Key Points
Hashdex, an investment management firm, has withdrawn its application for a spot Ether exchange-traded fund (ETF), according to documents filed with the United States Securities and Exchange Commission (SEC).
Hashdex had proposed a rule change that would allow the introduction of its Hashdex Nasdaq Ethereum ETF.
The proposal was withdrawn on May 24, just one day after the financial watchdog approved eight similar financial products.
No details were provided regarding the reason for the withdrawal or whether Hashdex intends to resubmit its proposal in the future.
Spot Ether ETFs – The New Trend
On May 23, the SEC approved the 19b-4 filings from VanEck, BlackRock, Fidelity, Grayscale, Franklin Templeton, ARK 21Shares, Invesco Galaxy, and Bitwise.
This approval paved the way for spot Ether ETFs to be listed and traded on their respective exchanges, with the funds expected to launch in June.
Unlike other applicants, Hashdex’s application for a spot Ether ETF combined spot Ether holdings with Ether futures contracts on the same product.
This approach was intended to mitigate potential manipulation.
Other applicants, such as Fidelity, ARK 21Shares, and Franklin Templeton, have focused on purely spot-based Ether ETFs.
These applicants made late amendments to their filings, such as removing support for Ethereum (ETH) staking in response to SEC feedback.

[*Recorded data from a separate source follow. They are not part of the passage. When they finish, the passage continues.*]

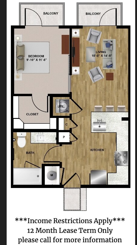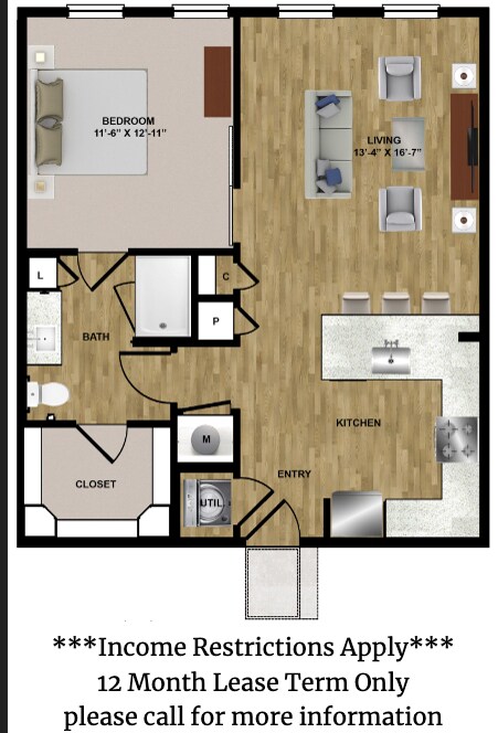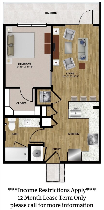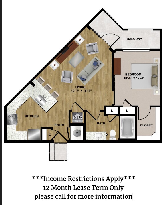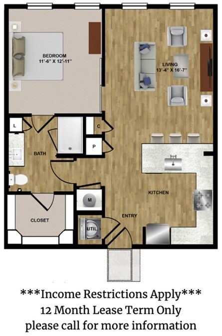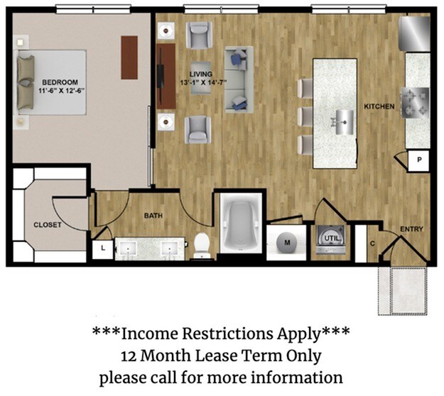Apartment Model: A1(e)-e$1,2661 Bedroom, 1 Bath, 630 sq ftAvailable Now![]()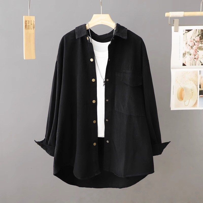- 长袖衬衫女宽松中长款 学生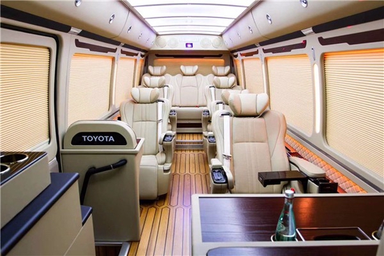 丰田考斯特商务车改装销售注重实用性的设计,作为一款商务车,我们在内饰上追求舒适和便捷。高档的办公桌,技能显示尊贵的身份提升商务车的档次,更能让我们在旅途中又舒适的办公环境。真皮航空座椅,360度可旋转的首长席,方便您在旅途过程的临时会议,对于乘车人员,我们提供舒宽敞的乘车环境,座椅舒适柔软,更可以增加可以自动加热,调控角度的装饰,为您减轻旅途的疲劳之感。我们以最贴心的设置,满足您的旅途所需。

Furthermore, Hashdex’s ETF aimed to mirror daily fluctuations in the Nasdaq Ether Reference Price to address regulatory concerns about market manipulation.
According to its initial filing from September 2023, the fund would hold a mix of Spot Ether, Ether Futures Contracts, and cash, instead of holding 100% spot Ether, which could make it more susceptible to price manipulation in the spot market.
Hashdex is among the issuers of spot Bitcoin (BTC) ETFs that were approved in January.
Similarly, the company’s BTC fund employed a different strategy from other asset managers.
For instance, Hashdex’s Bitcoin ETF did not rely on the Coinbase surveillance sharing agreement, choosing instead to source spot BTC from physical exchanges within the CME market.